Information shown:

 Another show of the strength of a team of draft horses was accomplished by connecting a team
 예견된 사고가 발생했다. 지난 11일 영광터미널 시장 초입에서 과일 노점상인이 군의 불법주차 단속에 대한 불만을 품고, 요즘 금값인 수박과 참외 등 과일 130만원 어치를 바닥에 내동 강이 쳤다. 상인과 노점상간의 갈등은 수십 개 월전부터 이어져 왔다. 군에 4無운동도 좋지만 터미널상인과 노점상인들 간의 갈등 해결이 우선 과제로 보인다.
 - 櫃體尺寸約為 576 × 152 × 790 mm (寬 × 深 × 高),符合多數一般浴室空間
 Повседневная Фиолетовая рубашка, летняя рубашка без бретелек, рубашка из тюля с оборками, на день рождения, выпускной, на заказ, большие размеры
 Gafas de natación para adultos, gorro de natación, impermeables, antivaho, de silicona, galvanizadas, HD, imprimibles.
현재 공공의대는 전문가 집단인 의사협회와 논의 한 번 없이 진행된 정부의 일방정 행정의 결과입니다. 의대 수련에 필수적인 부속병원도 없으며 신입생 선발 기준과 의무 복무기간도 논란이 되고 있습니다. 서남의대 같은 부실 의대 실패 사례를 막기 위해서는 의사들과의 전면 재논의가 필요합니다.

* * *

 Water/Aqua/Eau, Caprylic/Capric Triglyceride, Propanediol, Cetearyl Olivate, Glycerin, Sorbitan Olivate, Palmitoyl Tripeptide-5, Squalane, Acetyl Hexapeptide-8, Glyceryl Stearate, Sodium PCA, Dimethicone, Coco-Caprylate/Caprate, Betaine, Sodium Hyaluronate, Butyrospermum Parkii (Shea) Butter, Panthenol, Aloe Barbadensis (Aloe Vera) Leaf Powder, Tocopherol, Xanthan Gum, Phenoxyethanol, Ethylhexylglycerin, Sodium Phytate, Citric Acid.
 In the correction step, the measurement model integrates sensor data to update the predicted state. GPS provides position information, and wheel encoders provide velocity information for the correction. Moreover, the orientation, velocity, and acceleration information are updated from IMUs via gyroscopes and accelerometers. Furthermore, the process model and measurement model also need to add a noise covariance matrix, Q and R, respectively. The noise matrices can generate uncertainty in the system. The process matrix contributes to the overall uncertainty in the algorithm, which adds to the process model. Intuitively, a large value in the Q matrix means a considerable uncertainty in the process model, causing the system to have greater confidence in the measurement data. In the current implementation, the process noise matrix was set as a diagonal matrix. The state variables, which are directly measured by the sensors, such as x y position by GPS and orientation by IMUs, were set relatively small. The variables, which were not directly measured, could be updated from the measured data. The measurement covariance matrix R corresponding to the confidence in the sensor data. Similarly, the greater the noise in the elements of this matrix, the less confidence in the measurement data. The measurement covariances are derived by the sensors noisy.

* * *

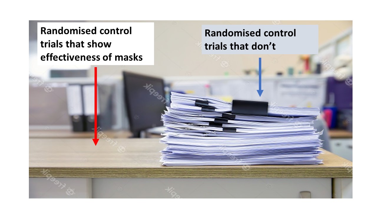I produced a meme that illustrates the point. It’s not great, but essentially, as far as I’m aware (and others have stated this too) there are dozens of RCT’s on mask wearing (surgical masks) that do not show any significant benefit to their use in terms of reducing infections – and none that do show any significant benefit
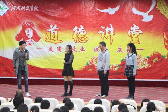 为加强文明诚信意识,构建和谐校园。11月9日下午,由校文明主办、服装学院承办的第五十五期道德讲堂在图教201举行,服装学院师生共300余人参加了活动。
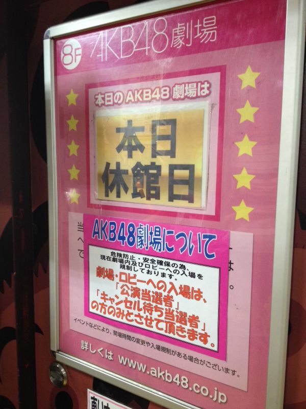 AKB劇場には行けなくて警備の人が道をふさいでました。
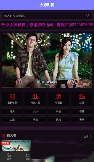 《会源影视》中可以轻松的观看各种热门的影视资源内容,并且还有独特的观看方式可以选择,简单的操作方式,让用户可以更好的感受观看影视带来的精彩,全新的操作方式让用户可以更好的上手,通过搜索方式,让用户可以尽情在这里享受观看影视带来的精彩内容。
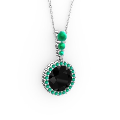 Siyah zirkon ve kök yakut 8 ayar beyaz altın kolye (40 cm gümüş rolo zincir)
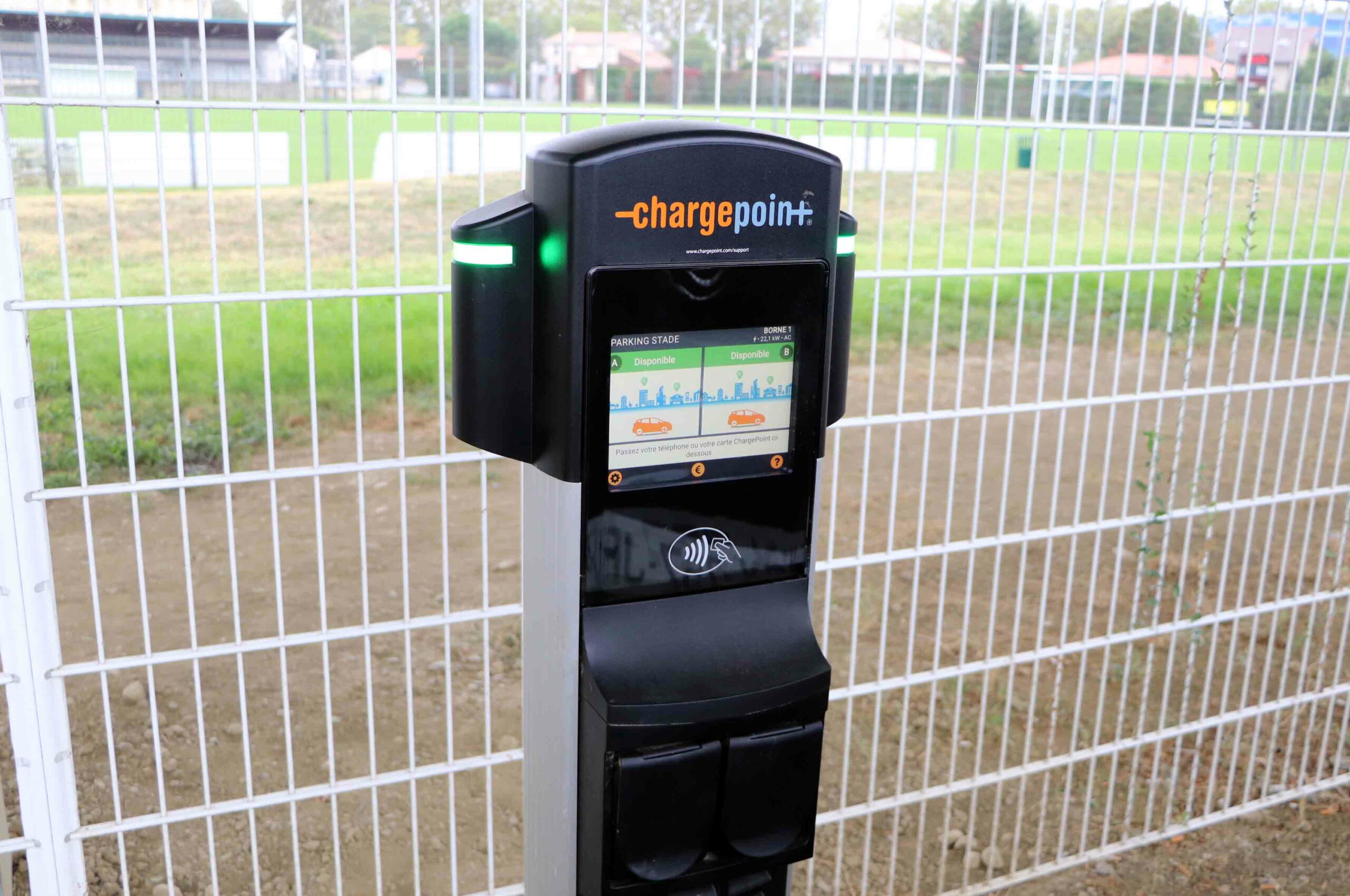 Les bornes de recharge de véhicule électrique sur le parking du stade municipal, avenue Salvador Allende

Exercise goal: Among the entries above, copy exactly only the lines starting with the one containing "Another show of" and going through the one containing "- 櫃體尺寸約為 576", both ends included.

Written response:
 Another show of the strength of a team of draft horses was accomplished by connecting a team
 예견된 사고가 발생했다. 지난 11일 영광터미널 시장 초입에서 과일 노점상인이 군의 불법주차 단속에 대한 불만을 품고, 요즘 금값인 수박과 참외 등 과일 130만원 어치를 바닥에 내동 강이 쳤다. 상인과 노점상간의 갈등은 수십 개 월전부터 이어져 왔다. 군에 4無운동도 좋지만 터미널상인과 노점상인들 간의 갈등 해결이 우선 과제로 보인다.
 - 櫃體尺寸約為 576 × 152 × 790 mm (寬 × 深 × 高),符合多數一般浴室空間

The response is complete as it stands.